Basically he confirmed that our load balancer (which sits in front of the web server, and lives at .107) is doing 302 redirects. I don’t understand why this is, because I swear that pre-Cloudflare, my PHP script was handling SSL redirection. He doesn’t understand how my PHP script ever handled SSL redirection, because he swears he hasn’t recently changed any load balancer settings. The result of our debate is that he’s going to investigate why the load balancer is doing it and how to get it to stop moving forward.

However, that still doesn’t resolve the HSTS issue. When I go to http://www.daniweb.com, I am getting a 307 Internal Redirect due to HSTS. Is it not possible to have the security advantages of HSTS but also not do two redirects in a row?

I don’t know what you mean about my HSTS max-age being too low?

My Cloudflare settings say:

HTTP Strict Transport Security (HSTS)

Enforce web security policy for your website.

Status: On
Max-Age: 6 months (Recommended)
Include subdomains: On
Preload: On

Can you explain to me why six months isn’t ideal? Are you referring to my HTTP prefetch headers? Your explanation is a little over my head. I’m a web developer, but I don’t have much experience with anything that lives outside my little PHP/MySQL bubble.

You don’t really need to worry too much about HSTS, unless you planned to move back to HTTP. The preload issue is only because you specified half a year, whereas https://hstspreload.org requires a year.

The HSTS seems to be a Chrome peculiarity as that redirect does not show up in Firefox at all, but Firefox goes straight for HTTPS.

What I’d recommend is to have Cloudflare perform the HTTPS redirect and only have the redirect from the previous to the new URL structure on your side.

The preload issue is only because you specified half a year, whereas https://hstspreload.org requires a year.

I have no experience with HSTS other than clicking a little checkbox in Cloudflare. Cloudflare says 6 months is recommended, so I went with their default setting. I see what you mean about hstspreload.org. Since my setting is set to 6 months, and I just enabled it 2 weeks ago, then it seems highly unlikely that my domain is included in Chrome’s HSTS preload list. That being said, if 1 year is recommended for the full benefit of HSTS, then perhaps Cloudflare should make 1 year their recommended setting instead of 6 months?

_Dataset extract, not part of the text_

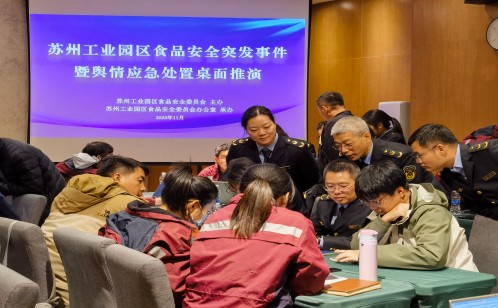 為全面提升食品安全突發(fā)事件協(xié)同應對能力,夯實食品安全保障防線,近日,蘇州工業(yè)園區(qū)組織開展了食品安全突發(fā)事件暨輿情應急處置桌面推演。推演小組以街道為單位,共分為5個小組,每組由2名市場監(jiān)管部門執(zhí)法人員、2名疾控部門流調人員、1名街道工作人員及1名教育局食品安全條線工作人員組成。園區(qū)市場監(jiān)管局、教育局、衛(wèi)健委及各街道食品安全分管領導和相關工作人員現場觀摩。
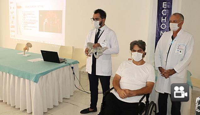 Ortopedi ve Travmatoloji Uzmanı op. Dr. Volkan Tutuş'da sözlerine önceliklerinin hasta memnuniyeti olduğunun altını çizerek başladı. 47 yaşında olan ve doğuştan kalça çıkığı rahatsızlığı bulunan, başarılı bir operasyonla şifaya kavuşan hasta Ersin Dursun' 'un da salona alınması ile devam eden toplantıda sunu eşliğinde konuşan Tutuş, hastanın 1990 yılında, 2006 yılında ve 2008 yılında farklı hastanelerde kalça protez cerrahisi operasyonları geçirdiğini kaydetti. Hastaya son olarak kendisi tarafından 5 Ekim tarihinde Echomar Hastanesi'nde Custum Made(kişiye özel üretilmiş)Kalça Protez Cerrahisi gerçekleştirdiğini ifade eden Dr. Tutuş, tıbbı-teknik detaylar vererek takılan protezin yerli üretim Titanyum içerikli olduğunu açıkladı.

My sysadmin has corrected the issue with the load balancer so that it is no longer part of the equation. If you go to http://x.x.x.107/forums/thread123.html you are now properly redirected to https://www.daniweb.com/hardware-and-software/networking/threads/123/netware-is-solid in a single 301 redirect.

However, if I go to http://www.daniweb.com/forums/thread123.html, I’m still getting the 307 Internal Redirect thing which causes the double redirect.

Enabling HSTS should be done with care as that glues you to HTTPS. As long as you stay with HTTPS it isn’t much of an issue. Should you ever want to move away, that is when it gets tricky.

That link doesn’t give me a 307 but a 301 which seems to come from your server. If you really get a 307 then this will be most likely a “local” redirect by your browser. You aren’t use Firefox, are you?

Enabling HSTS should be done with care as that glues you to HTTPS. As long as you stay with HTTPS it isn’t much of an issue. Should you ever want to move away, that is when it gets tricky.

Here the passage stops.